* [Exercise brief]:
Transcribe every entry word for word. Skip the pictures.

--

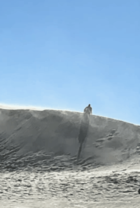 人們會拿上滑雪板,從沙丘的頂部滑下來。
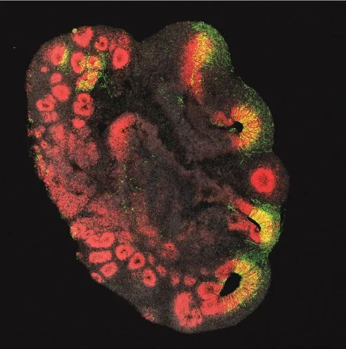 بخشی از یک ارگانوئید مغز ساخته شده از سلول‌های بنیادی یک انسان. در سرخابی سلول‌های بنیادی مغز به طور فعال تکثیر می‌شوند و در زرد زیر مجموعه‌ای از سلول‌های بنیادی مغز
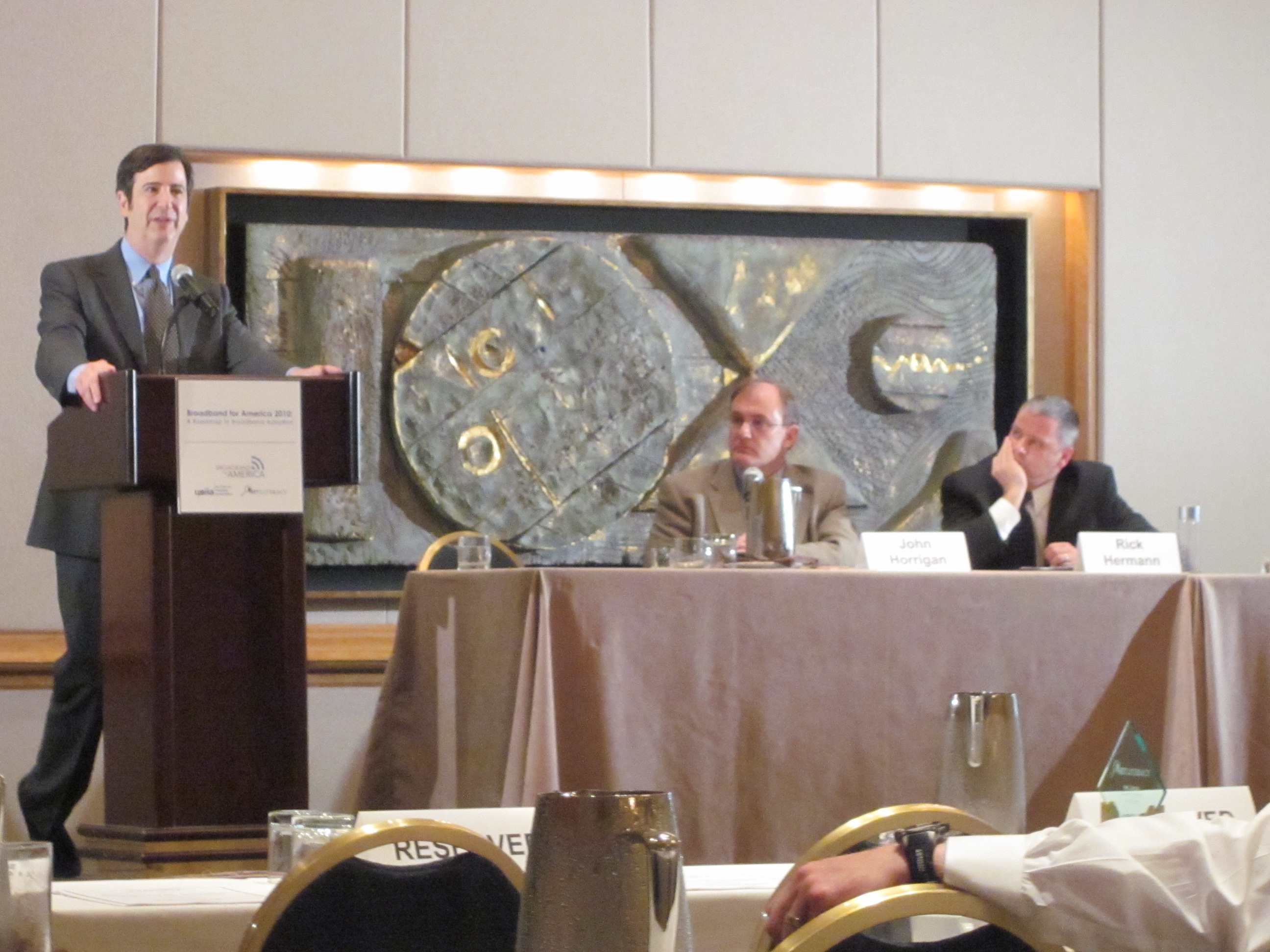 The first panelist to speak was Manager of US Public Sector Initiatives for Intel Rick Herrmann who emphasized the need for increased education as a mechanism for increasing long term adoption. “The best path to high broadband adoption is to have a population that understands the importance” Hermann suggested that all students grades K-12 should have broadband access at home and at school. Additionally he stressed the need for properly trained teachers; Hermann proposed a national training center for IT Teachers.
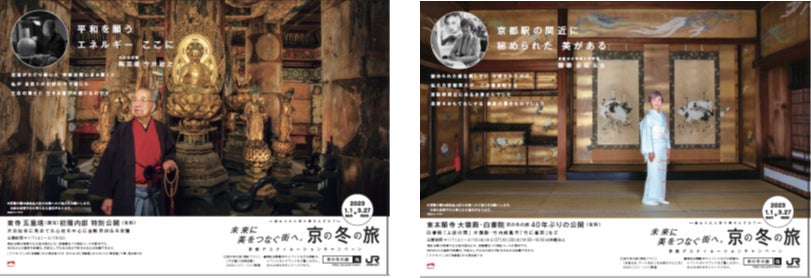 キャンペーン期間中、JRグループの各駅・車内ポスターには、美術工芸の世界で親子3代で創作に取り組む今井家(今井政之氏/陶芸家、今井眞正氏/陶芸家、今井裕之氏/金石造形作家、今井完眞氏/陶芸家)、京都市立芸術大学学長で画家の赤松玉女氏に御出演いただき、京の文化の魅力を御紹介します。
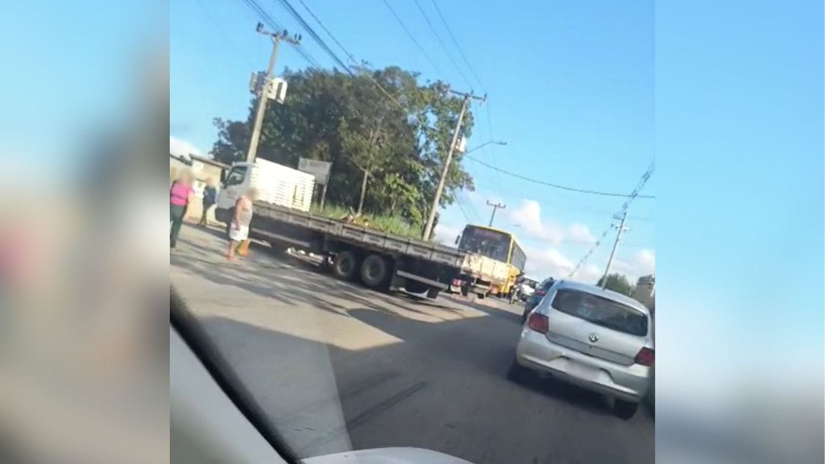 Segundo o caminhoneiro, ele seguia pela Rua Tuiui e sinalizou para entrar em uma fábrica da região. Um ônibus, que vinha no sentido contrário, parou para dar passagem.
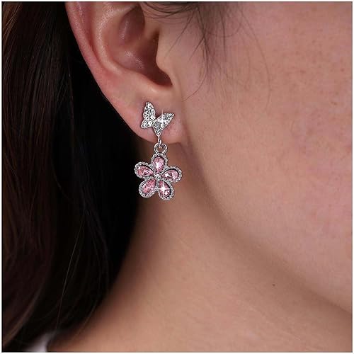 Vintage Pink Crystal Flower Earrings Butterfly Flower Drop Earrings Silver Rhinestone Butterfly Stud Earrings Pink Gemstone Butterfly Earrings Jewelry for Women
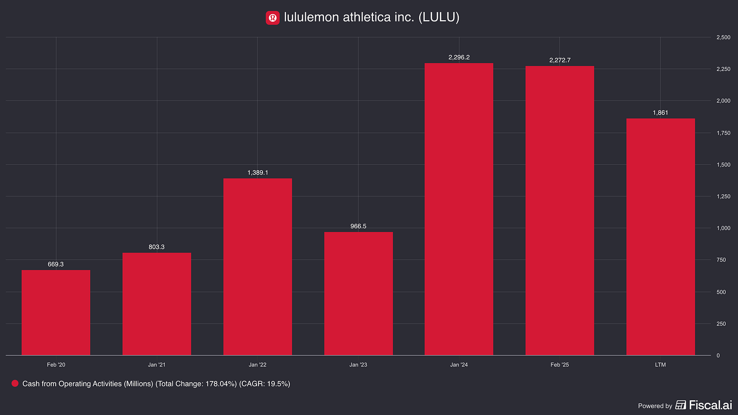 Despite the challenges, lululemon continues to generate copious amounts of cash.
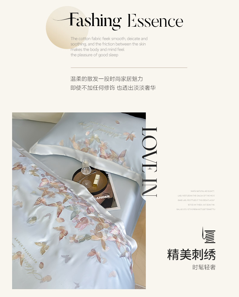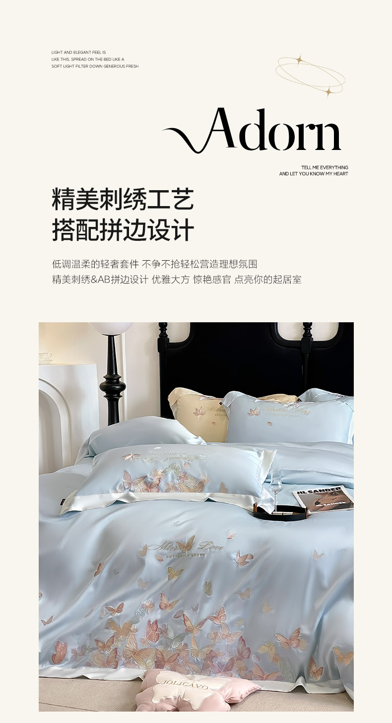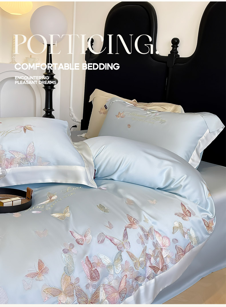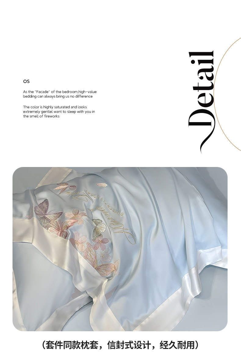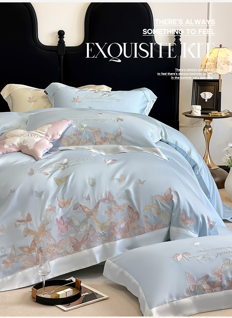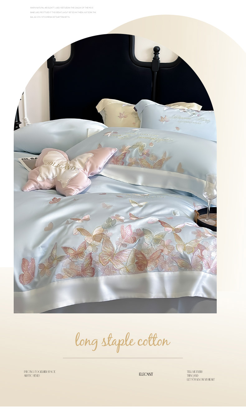 2025直播爆款A类贡缎长绒棉四件套纯棉全棉重工刺绣被套床单高端拼接床上用品 七彩蝶梦-布鲁蓝
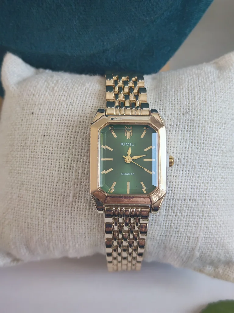 Montre femme quartz couleur dore et verte Neuve jamais porté Envoi rapide et soigné Une petite attention dans chaque commande
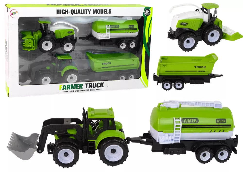 Rinkinį sudaro traktorius, kombainas ir dvi priekabos su skirtingomis funkcijomis – vandens cisternos, skirtos vandeniui transportuoti, ir puspriekabė grūdams transportuoti. Transporto priemonės aprūpintos judančiais elementais, kurie papildomai pabrėžia jų realistiškumą ir leidžia vaikui geriau suprasti žemės ūkio technikos veikimą. Tai ne tik puiki pramoga, bet ir galimybė įgyti žinių apie žemės ūkio funkcionavimą. Kiekvienas rinkinys siūlo skirtingas žaidimo galimybes ir leidžia žaisti įvairius vaidmenis, susijusius su darbu ūkyje.
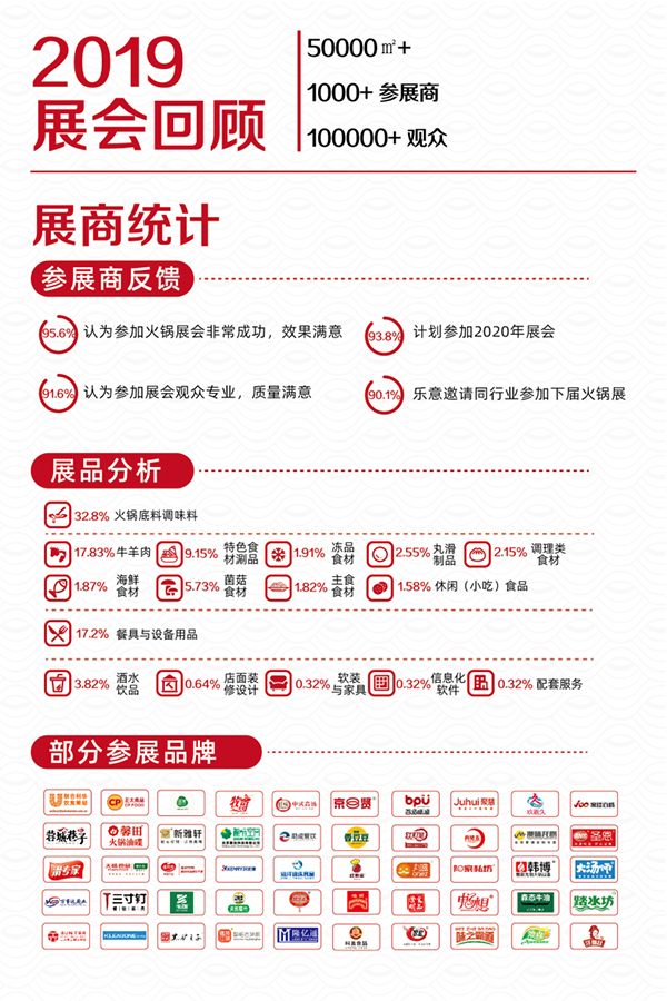 展会经过这几年的沉淀和不断完善,在行业内也得到了好的口碑与高度认可。第十届中国(成都)火锅食材用品展将继续在成都举办,参展厂家将达到400家,火锅专业观众(已开火锅店主、将开火锅店主、火锅配套代理服务商)达到6万人以上。本届展会将汇集全国火锅业最好的产品和技术,合力打造一场关于火锅食材与用品的饕餮盛宴!
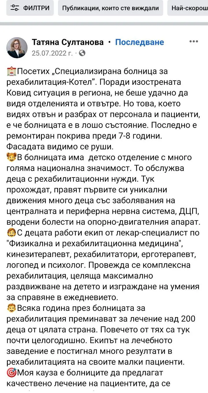 „А преди време депутатката от ПП Татяна Султанова, каза, че ще работи за намиране на финансиране на болницата в Котел, за подобряване на инфраструктурата й, енергийната ефективност и апаратурата.

--

* [Output for this task]:
 人們會拿上滑雪板,從沙丘的頂部滑下來。
 بخشی از یک ارگانوئید مغز ساخته شده از سلول‌های بنیادی یک انسان. در سرخابی سلول‌های بنیادی مغز به طور فعال تکثیر می‌شوند و در زرد زیر مجموعه‌ای از سلول‌های بنیادی مغز
 The first panelist to speak was Manager of US Public Sector Initiatives for Intel Rick Herrmann who emphasized the need for increased education as a mechanism for increasing long term adoption. “The best path to high broadband adoption is to have a population that understands the importance” Hermann suggested that all students grades K-12 should have broadband access at home and at school. Additionally he stressed the need for properly trained teachers; Hermann proposed a national training center for IT Teachers.
 キャンペーン期間中、JRグループの各駅・車内ポスターには、美術工芸の世界で親子3代で創作に取り組む今井家(今井政之氏/陶芸家、今井眞正氏/陶芸家、今井裕之氏/金石造形作家、今井完眞氏/陶芸家)、京都市立芸術大学学長で画家の赤松玉女氏に御出演いただき、京の文化の魅力を御紹介します。
 Segundo o caminhoneiro, ele seguia pela Rua Tuiui e sinalizou para entrar em uma fábrica da região. Um ônibus, que vinha no sentido contrário, parou para dar passagem.
 Vintage Pink Crystal Flower Earrings Butterfly Flower Drop Earrings Silver Rhinestone Butterfly Stud Earrings Pink Gemstone Butterfly Earrings Jewelry for Women
 Despite the challenges, lululemon continues to generate copious amounts of cash.
 2025直播爆款A类贡缎长绒棉四件套纯棉全棉重工刺绣被套床单高端拼接床上用品 七彩蝶梦-布鲁蓝
 Montre femme quartz couleur dore et verte Neuve jamais porté Envoi rapide et soigné Une petite attention dans chaque commande
 Rinkinį sudaro traktorius, kombainas ir dvi priekabos su skirtingomis funkcijomis – vandens cisternos, skirtos vandeniui transportuoti, ir puspriekabė grūdams transportuoti. Transporto priemonės aprūpintos judančiais elementais, kurie papildomai pabrėžia jų realistiškumą ir leidžia vaikui geriau suprasti žemės ūkio technikos veikimą. Tai ne tik puiki pramoga, bet ir galimybė įgyti žinių apie žemės ūkio funkcionavimą. Kiekvienas rinkinys siūlo skirtingas žaidimo galimybes ir leidžia žaisti įvairius vaidmenis, susijusius su darbu ūkyje.
 展会经过这几年的沉淀和不断完善,在行业内也得到了好的口碑与高度认可。第十届中国(成都)火锅食材用品展将继续在成都举办,参展厂家将达到400家,火锅专业观众(已开火锅店主、将开火锅店主、火锅配套代理服务商)达到6万人以上。本届展会将汇集全国火锅业最好的产品和技术,合力打造一场关于火锅食材与用品的饕餮盛宴!
 „А преди време депутатката от ПП Татяна Султанова, каза, че ще работи за намиране на финансиране на болницата в Котел, за подобряване на инфраструктурата й, енергийната ефективност и апаратурата.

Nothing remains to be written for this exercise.